- Task details:
With the pictures removed, write out the full listing below exactly.

- Recorded information:
»»

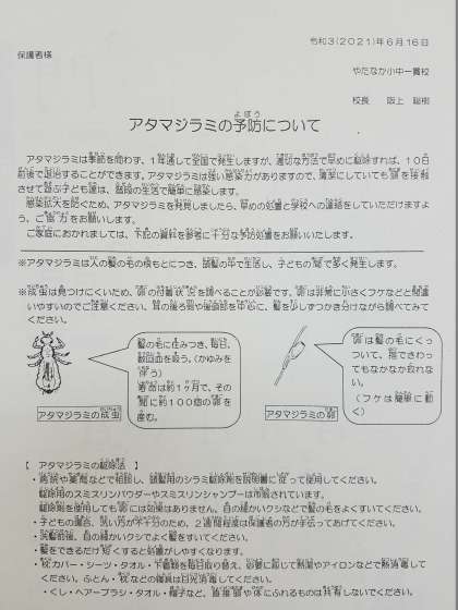 プール水泳の授業が始まります。本日、下記の手紙を子ども達が持って帰ります。
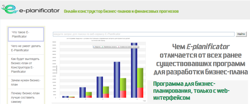 Программа для бизнес-планирования E-planificator имеет веб-интерфейс. В личном кабинете на сайте пользователь может создать бизнес-план любой сложности. Программа упрощает ввод и вывод информации при составлении плана, облегчает финансовое моделирование и позволяет описывать с помощью вводных форм большую часть экономических процессов, которые возникают при функционировании реального современного предприятия.
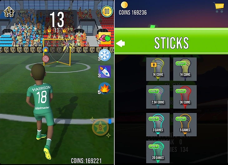 «Вы собираете монеты после каждой игры в PLL Top Shelf, зарабатывая одну монету за каждое попадание в цель. Эти монеты можно использовать для покупки клюшек и других персонажей. Вы начинаете игру с Кайлом Харрисоном, но вы можете использовать монеты для покупки Пола Рабиля, Мэтта Рэмбо, Майлза Джонса, Джоша Бирна, Колина Хикока, Гранта Амента, Брайана Костабайла и Райана Брауна. У каждого игрока есть домашний, выездной и джерси PLL All-Star 2019. Вы также можете купить клюшки, которые предназначены только для эстетических целей, и вы также можете заработать клюшки, если будете играть определенное количество дней подряд».

««

- Exercise response:
 プール水泳の授業が始まります。本日、下記の手紙を子ども達が持って帰ります。
 Программа для бизнес-планирования E-planificator имеет веб-интерфейс. В личном кабинете на сайте пользователь может создать бизнес-план любой сложности. Программа упрощает ввод и вывод информации при составлении плана, облегчает финансовое моделирование и позволяет описывать с помощью вводных форм большую часть экономических процессов, которые возникают при функционировании реального современного предприятия.
 «Вы собираете монеты после каждой игры в PLL Top Shelf, зарабатывая одну монету за каждое попадание в цель. Эти монеты можно использовать для покупки клюшек и других персонажей. Вы начинаете игру с Кайлом Харрисоном, но вы можете использовать монеты для покупки Пола Рабиля, Мэтта Рэмбо, Майлза Джонса, Джоша Бирна, Колина Хикока, Гранта Амента, Брайана Костабайла и Райана Брауна. У каждого игрока есть домашний, выездной и джерси PLL All-Star 2019. Вы также можете купить клюшки, которые предназначены только для эстетических целей, и вы также можете заработать клюшки, если будете играть определенное количество дней подряд».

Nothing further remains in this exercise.